Nothing but the records, copied exactly and stripped of pictures, should be in the answer.

Data entries:
___
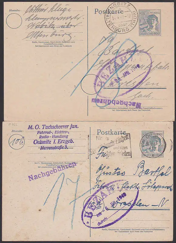 Nobitz ber Altenburg, Chemnitz 2 GA mit Nachgebhr, dabei vom 30.6.48 als Zehnfach mit 1 Pfg. angerechnet
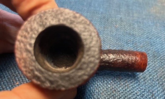 I took a photo of the rim top to capture the condition of the bowl and rim top. I like to capture that condition before I started my work on the pipe. You can see the dust in the sandblast on the rim top and the cake in the bowl. It is a nice looking pipe.
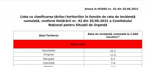-în zona roșie au intrat: Slovacia, Insulele Feroe, Singapore și Leshoto;
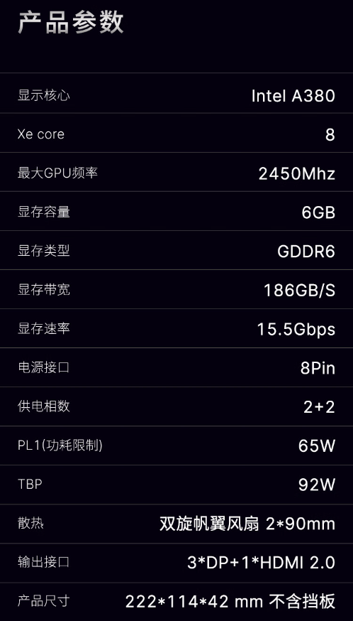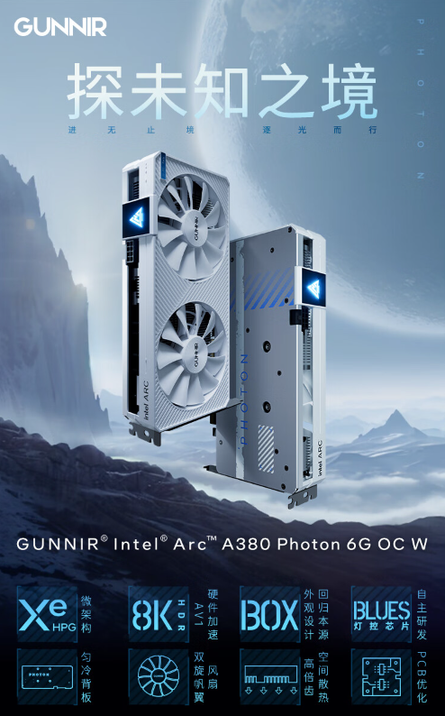 (特)蓝戟(GUNNIR)intel Arc A380 Photon 6G 2450MHz GDDR6 OC W 游戏显卡设计视频剪辑台式电脑显卡
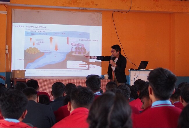講演は日本人メンバーに加え、植樹に参加する The Celebration Co-Ed学校の生徒約150名が熱心に受講し、ネパールの環境に対する生徒たちの意識の高さがうかがえました。
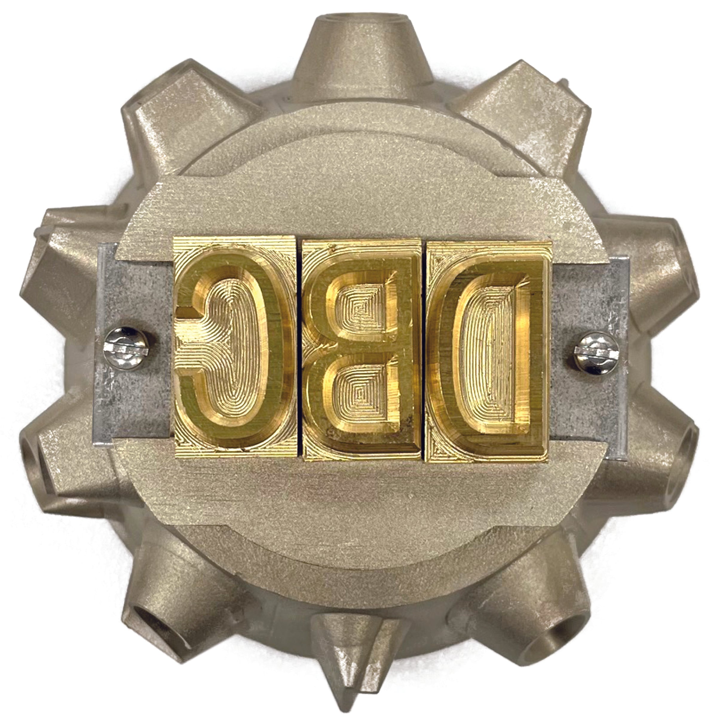 The tire branding iron head has 1 inch tall numbers 0 thru 9 engraved around the circumference of the head. On the face of the brander is a single slot that holds up to three (3) 1 inch character interchangeable stamps. TOOL DOES NOT INCLUDE INTERCHANGEABLE TYPE. See Interchangeable Type for type information and pricing,
___
- _REPLY TO THE EXERCISE_:
 Nobitz ber Altenburg, Chemnitz 2 GA mit Nachgebhr, dabei vom 30.6.48 als Zehnfach mit 1 Pfg. angerechnet
 I took a photo of the rim top to capture the condition of the bowl and rim top. I like to capture that condition before I started my work on the pipe. You can see the dust in the sandblast on the rim top and the cake in the bowl. It is a nice looking pipe.
-în zona roșie au intrat: Slovacia, Insulele Feroe, Singapore și Leshoto;
 (特)蓝戟(GUNNIR)intel Arc A380 Photon 6G 2450MHz GDDR6 OC W 游戏显卡设计视频剪辑台式电脑显卡
講演は日本人メンバーに加え、植樹に参加する The Celebration Co-Ed学校の生徒約150名が熱心に受講し、ネパールの環境に対する生徒たちの意識の高さがうかがえました。
 The tire branding iron head has 1 inch tall numbers 0 thru 9 engraved around the circumference of the head. On the face of the brander is a single slot that holds up to three (3) 1 inch character interchangeable stamps. TOOL DOES NOT INCLUDE INTERCHANGEABLE TYPE. See Interchangeable Type for type information and pricing,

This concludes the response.